Similar to St. André Bessette, C.S.C, Brother Columba came from a poor, devoted, and humble background. Born John O’Neill in Mackeysburg, Pennsylvania in 1848, he was the fifth son of six children born to Michael and Ellen (McGuire) O’Neill. Twins were born in Kilkenny, Ireland and four more children in Mackeysburg, one of the scores of small mining camps in Pennsylvania. Sometime in the mid-19th century, these camps were gathered together and were known as Minersville. Miners and their families either gathered slate or dug for coal. In Bother Columba’s biography “These Two Hearts,” by Brother Ernest Ryan, C.S.C., the author of this scant fifty-seven-page book, speaks of Brother Columba’s father, Michael, of Irish descent, living in Mackeysburg which “sent it quota of men” to fight for the Union. His son John (Brother Columba) left Mackeysburg for Colorado and then on to California apprenticed to a shoemaker. He was 14 years old in 1862.
It was in California that John met an itinerant cobbler who told him that he had learned his trade at the Manual Labor School on the grounds of a place called the University of Notre Dame. Biographer Ryan uses his imagination to describe John’s reaction. “While looking toward the heavens a strange light seemed to come into John O’Neill’s eyes and a strange feeling of peace flooded his soul. Could it be that it was to Notre Dame that God was calling him? Would he with his misshapen feet be admitted into the Brotherhood?” John O’Neill was called to the Brothers and would be admitted!
Historical records indicate that John made his way to Indiana, to Notre Dame, and eventually, into the office of Father Edward Sorin, the school’s president. He was met at the university gate by porter Brother Francis Xavier Patois and by novice master Father Augustin Louage. This was in 1874, and John, the soon-to-be Columba, was admitted to the Brothers because, for Father Sorin, no man or woman offered a gift that was too small when it came to the president’s desire to foster the growth of Holy Cross and Our Lady’s University on the two lakes in South Bend, Indiana. When Sorin realized that this newcomer was a cobbler and a shoemaker, he was warmly welcomed.
Brother Columba was a professed member of Holy Cross for 49 years—all of them as a cobbler, but not all of those years at Notre Dame. Initially, he offered to go to either Bengal or Molokai, and over the next 45 years, he petitioned two provincials and the superior general to grant that request. Upon his death and burial in late November 1923, Brother Columba’s “wonderful cures” were known across the United States and in many foreign countries. Devotees of the Sacred Heart of Jesus reached out to him because of his intercessory ability with the Son of God on their behalf. During his lifetime, he was widely known as the Divine Healer and the Miracle Man of Notre Dame.
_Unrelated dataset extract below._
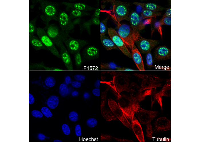 • Immunofluorescent analysis of NIH/3T3 cells using F1572 (green, 1:50), Hoechst (blue) and tubulin (Red).

In May of 2021, I had gathered enough information about the Divine Healer to reach out to South Bend/Fort Wayne Bishop Kevin Rhoades. I wanted to share with him what I was beginning to pull together and to ask for direction. Expecting that I would be asked to meet the bishop in Fort Wayne, I was surprised when he wanted to come to South Bend and meet me in the archives on June 10. He and I spent over three hours in the archives and another hour at Notre Dame’s Holy Cross Cemetery where Brother Columba is buried. When we parted ways, I felt energized by the bishop’s enthusiasm for the cause. On June 14, Bishop Rhoades wrote a letter in support of the furthering the Columba research and his support for beginning the Cause for Servant of God Brother Columba.
On June 28, a diocesan canon lawyer called the archives asking three questions about Brother Columba: what is the year of his death (1923); where he died (in the Community House on the campus of the University of Notre Dame); and if he died a martyr (no). Because Columba died one hundred years ago in November of 2023, his cause is an ancient one: there would be no one alive who knew him to be interviewed.